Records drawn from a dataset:
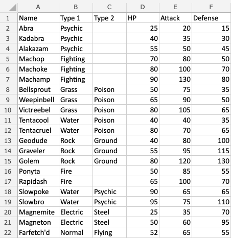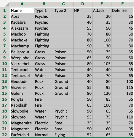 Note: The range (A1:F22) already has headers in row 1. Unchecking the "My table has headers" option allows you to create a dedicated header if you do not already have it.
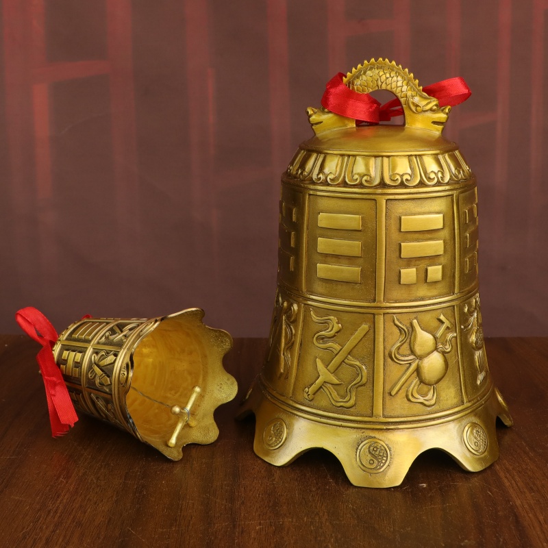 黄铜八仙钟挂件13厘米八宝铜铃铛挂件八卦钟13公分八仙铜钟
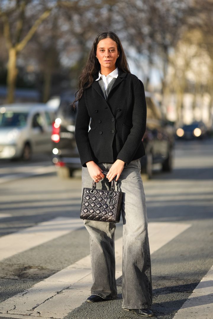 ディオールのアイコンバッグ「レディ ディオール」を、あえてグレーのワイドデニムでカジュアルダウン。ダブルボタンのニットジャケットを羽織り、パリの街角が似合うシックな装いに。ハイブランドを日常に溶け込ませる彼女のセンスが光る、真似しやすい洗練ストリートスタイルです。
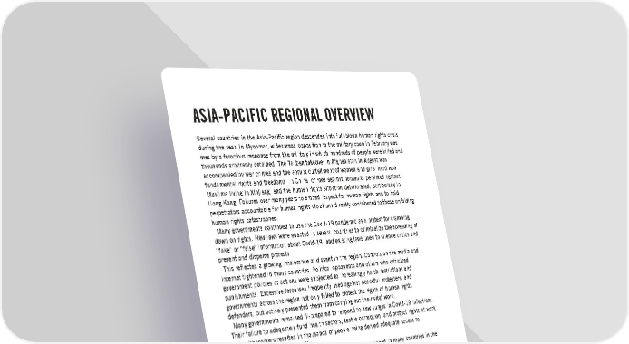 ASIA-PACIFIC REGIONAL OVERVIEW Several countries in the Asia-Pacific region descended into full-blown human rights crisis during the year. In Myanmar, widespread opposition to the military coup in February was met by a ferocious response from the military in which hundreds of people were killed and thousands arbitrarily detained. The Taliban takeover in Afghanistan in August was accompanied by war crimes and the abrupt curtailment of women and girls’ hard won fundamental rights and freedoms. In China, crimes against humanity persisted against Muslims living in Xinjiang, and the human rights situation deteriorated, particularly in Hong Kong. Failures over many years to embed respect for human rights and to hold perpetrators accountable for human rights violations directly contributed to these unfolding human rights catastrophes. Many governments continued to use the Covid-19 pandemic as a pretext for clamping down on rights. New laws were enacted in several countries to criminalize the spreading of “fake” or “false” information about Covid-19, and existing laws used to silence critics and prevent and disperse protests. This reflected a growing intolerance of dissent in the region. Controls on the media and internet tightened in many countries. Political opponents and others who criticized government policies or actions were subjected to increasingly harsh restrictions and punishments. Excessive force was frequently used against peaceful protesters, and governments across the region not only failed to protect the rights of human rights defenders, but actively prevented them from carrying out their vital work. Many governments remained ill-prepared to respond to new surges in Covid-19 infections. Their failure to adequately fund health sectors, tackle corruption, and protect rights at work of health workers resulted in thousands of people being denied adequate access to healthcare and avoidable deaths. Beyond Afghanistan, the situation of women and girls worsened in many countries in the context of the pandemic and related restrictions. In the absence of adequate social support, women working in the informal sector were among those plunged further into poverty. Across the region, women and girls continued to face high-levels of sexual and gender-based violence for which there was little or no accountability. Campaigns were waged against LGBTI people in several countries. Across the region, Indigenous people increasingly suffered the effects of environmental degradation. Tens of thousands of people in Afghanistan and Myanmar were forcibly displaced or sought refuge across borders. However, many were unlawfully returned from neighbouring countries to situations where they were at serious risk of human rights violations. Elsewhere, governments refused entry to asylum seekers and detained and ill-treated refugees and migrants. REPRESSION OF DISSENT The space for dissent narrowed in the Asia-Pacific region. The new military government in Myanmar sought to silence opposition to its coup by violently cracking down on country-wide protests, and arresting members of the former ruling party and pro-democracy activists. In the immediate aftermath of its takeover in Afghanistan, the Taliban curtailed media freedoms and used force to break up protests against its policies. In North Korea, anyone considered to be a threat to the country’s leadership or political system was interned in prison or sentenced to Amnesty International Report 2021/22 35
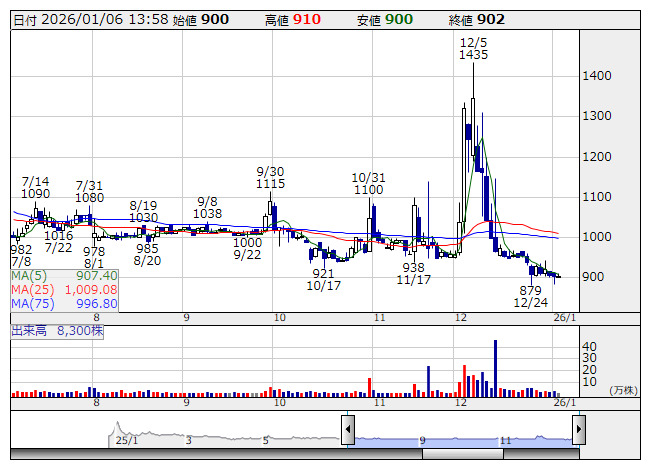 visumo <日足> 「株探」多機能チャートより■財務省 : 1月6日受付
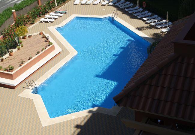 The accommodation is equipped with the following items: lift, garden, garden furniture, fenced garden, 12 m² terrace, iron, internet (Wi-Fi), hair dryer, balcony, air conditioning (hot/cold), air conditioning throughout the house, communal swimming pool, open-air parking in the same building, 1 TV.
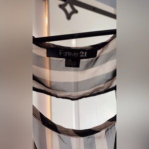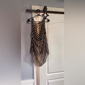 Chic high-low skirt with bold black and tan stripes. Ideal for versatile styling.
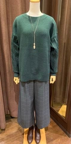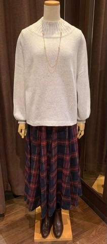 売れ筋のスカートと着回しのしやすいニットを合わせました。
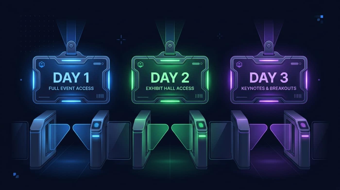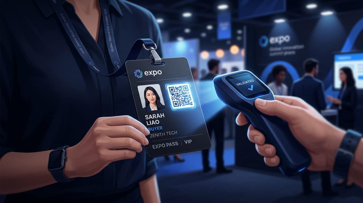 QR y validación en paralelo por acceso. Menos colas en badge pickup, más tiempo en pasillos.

## Aim of the task
Include the first line of the records, the line containing "ディオールのアイコンバッグ「", and every line between them, repeated exactly. Skip the pictures.

## Task answer
 Note: The range (A1:F22) already has headers in row 1. Unchecking the "My table has headers" option allows you to create a dedicated header if you do not already have it.
 黄铜八仙钟挂件13厘米八宝铜铃铛挂件八卦钟13公分八仙铜钟
 ディオールのアイコンバッグ「レディ ディオール」を、あえてグレーのワイドデニムでカジュアルダウン。ダブルボタンのニットジャケットを羽織り、パリの街角が似合うシックな装いに。ハイブランドを日常に溶け込ませる彼女のセンスが光る、真似しやすい洗練ストリートスタイルです。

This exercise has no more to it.